The goal of phase 1 to establish a consistent method of gene activation through dCAS9-VPR. Using MIT's CRISPR optimization tool, we generated 20 sequences to be used as our gRNA and target site. The dCAS9-VPR complex, the target sequence and reporter gene, and the gRNA expression vectors were constructed and transfected into HEK293 cells. Another set of transfections took place simultaneously with the same materials minus the gRNA expression vector as a negative control. The fold increase between the basal level of expression from the control and the activated level of expression was then recorded. The results can be found below. Here are some extra words to make it seem like this is a different paragraph than the rest when really, it's not. It's just the same thing. But I want to make it look different, so there you go. Let's just add a few more words, and there we go. That should do it.

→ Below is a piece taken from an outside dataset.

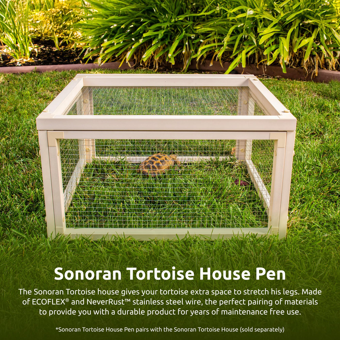 The Sonoran Tortoise Pen is the perfect accessory for the Sonoran tortoise house. This pen gives your tortoise extra room to roam and bask in the sun, while keeping them secure. Made of ECOFLEX and NeveRust stainless steel wire. ECOFLEX is a proprietary composite blend of recycled polymers and reclaimed wood fiber byproducts. The perfect pairing of materials to provide you with a durable product for years of maintenance free use. Plus. ??? ??? ?? ??? ??? ?? ?? ??? ???????. ? ?? ???? ?? ?? ???? ?????? ??? ???? ??? ? ????. ECOFLEX ? NeveRust ????? ?? ???? ???????. ECOFLEX? ??? ???? ?? ?? ?? ???? ???? ?? ??????. ???? ?? ??? ?? ?? ??? ?? ??? ?? ??? ???? ??? ??? ???. ??, ? ?? ?? ??? ???? 10? ?? ???? ??? ?????.

The goal of phase 1 to establish a consistent method of gene activation through dCAS9-VPR. Using MIT's CRISPR optimization tool, we generated 20 sequences to be used as our gRNA and target site. The dCAS9-VPR complex, the target sequence and reporter gene, and the gRNA expression vectors were constructed and transfected into HEK293 cells. Another set of transfections took place simultaneously with the same materials minus the gRNA expression vector as a negative control. The fold increase between the basal level of expression from the control and the activated level of expression was then recorded. The results can be found below.


Phase 2



Words will go here that explain all the experiments we conducted to achieve aim one. I don't know what those words will be yet, but hey, I'm just the html guy not the writer guy. I mean, I do enjoy writing, but right now I have other things to work on. I just have to remember to come back and change this part. If I forget, that would bad, but I don't think I will. Here are some extra words to make it seem like this is a different pargraph than the rest when really, it's not. It's just the same thing. But I want to make it look different, so there you go. Let's just add a few more words, and there we go. That should do it. Shoot, this still isn't enough words. Hold on, here a few more, and a few more. Okay, now I'm out of ideas.


Phase 3



These words have to be a little different, just to show that the words are changing. Everything else from here on in will be identical to phase though. So without further ado, here's phase 2 again. Words will go here that explain all the experiments we conducted to achieve aim one. I don't know what those words will be yet, but hey, I'm just the html guy not the writer guy. I mean, I do enjoy writing, but right now I have other things to work on. I just have to remember to come back and change this part. If I forget, that would bad, but I don't think I will. Here are some extra words to make it seem like this is a different pargraph than the rest when really, it's not. It's just the same thing. But I want to make it look different, so there you go.